Houston Rockets coach Jeff Van Gundy accused Avery Johnson of “taking some shots” at him during Johnson’s rant after Thursday’s 101-83 loss to Houston.
Without naming Van Gundy, the Mavericks’ coach said: “It surprised me to have a team come in here down 0-2 in the series, and everybody had them written off. Then I don’t hear anything about the Mavs winning three in a row.
“Maybe I need to go crazy. Maybe if I do, you won’t talk about who won and lost Game 6. You’ll talk about the coach who went crazy.”
Van Gundy took Johnson’s comments personally.
“I don’t think there’s any doubt that he’s taking some shots at me,” Van Gundy said. “He can feel free to use my name. He doesn’t have to speak around it.”
Thursday’s Houston Chronicle devoted much space to a story about fans willing to help Van Gundy pay his fine. That coverage also irked Johnson.

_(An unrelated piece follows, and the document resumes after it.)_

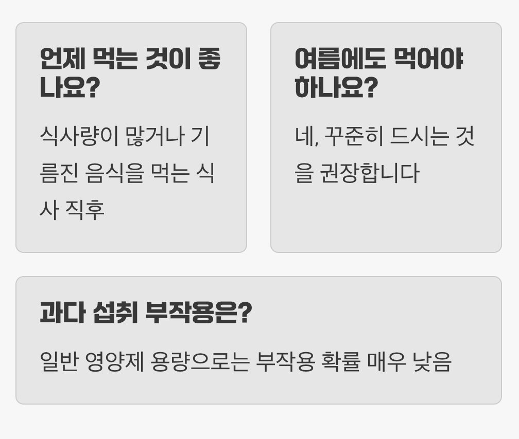 A. 지용성 비타민이므로 음식물 속 지방과 함께 섭취할 때 흡수가 가장 잘 됩니다. 따라서 아침, 점심, 저녁 중 가장 식사량이 많거나 기름진 음식을 먹는 식사 직후에 드시는 것을 추천합니다.
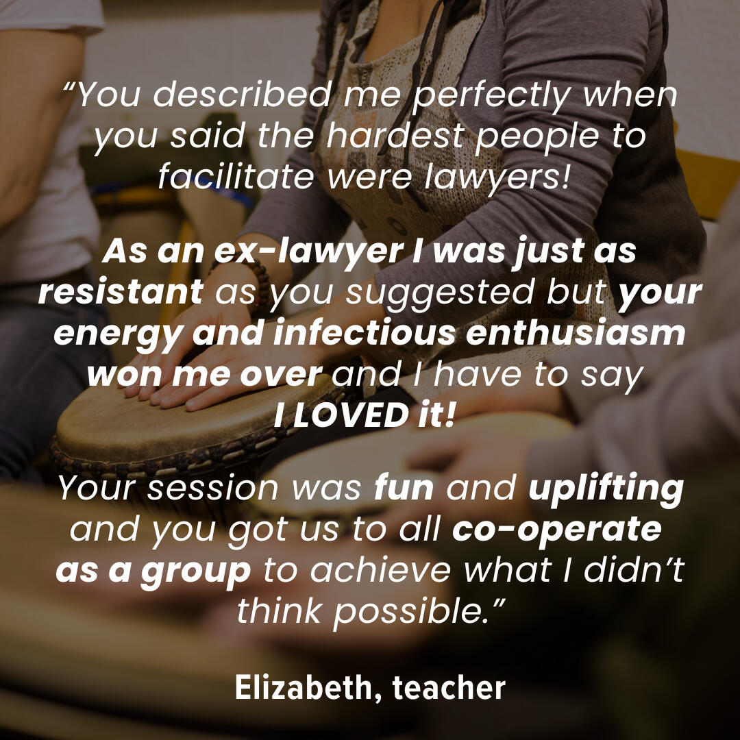 "The Rhythmworx team provided a sensational start to our client’s leadership program by engaging everyone in the group to come out of their comfort zone and make music together as a team.I will definitely engage them again to bring energy and connection to our programs.“

“This series is supposed to be about basketball,” Johnson said. “But you read the coverage in the Houston Chronicle.
“Was there any coverage of the games? It was all about things outside basketball.”

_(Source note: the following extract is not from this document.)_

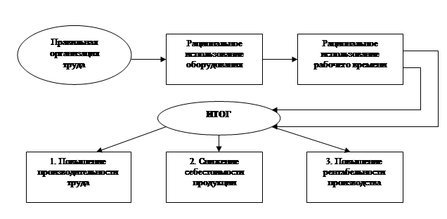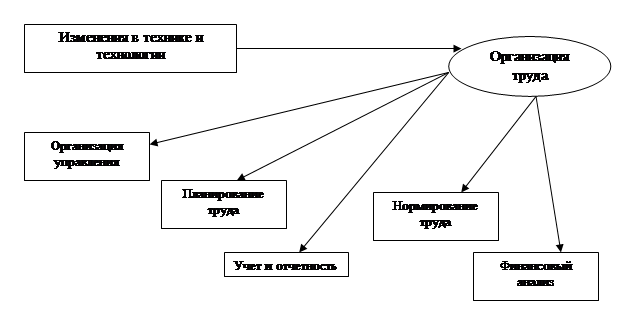Между элементами организации труда существует тесная взаимосвязь, которую можно представить на схеме (см. рис. 2).

On Friday, a much calmer Johnson defended his statements, but added that what happens on the court is what matters in this series.
“So much attention was being drawn to a non-basketball issue than what was going on the court,” Johnson said. “A lot of times when people read that stuff, it tends to sway their judgment.
“We just need to get the record straight, that it’s 3-3, and these teams are really pouring their hearts out on the court.”
Maybe, but Van Gundy said he was even more displeased with Johnson’s comments, considering Van Gundy came to Johnson’s defense when the Mavs coach was fined $10,000 for charging referee Joey Crawford after Game 1.
“I would have just expected more from a coach who — after he did what he did — I tried to support him.”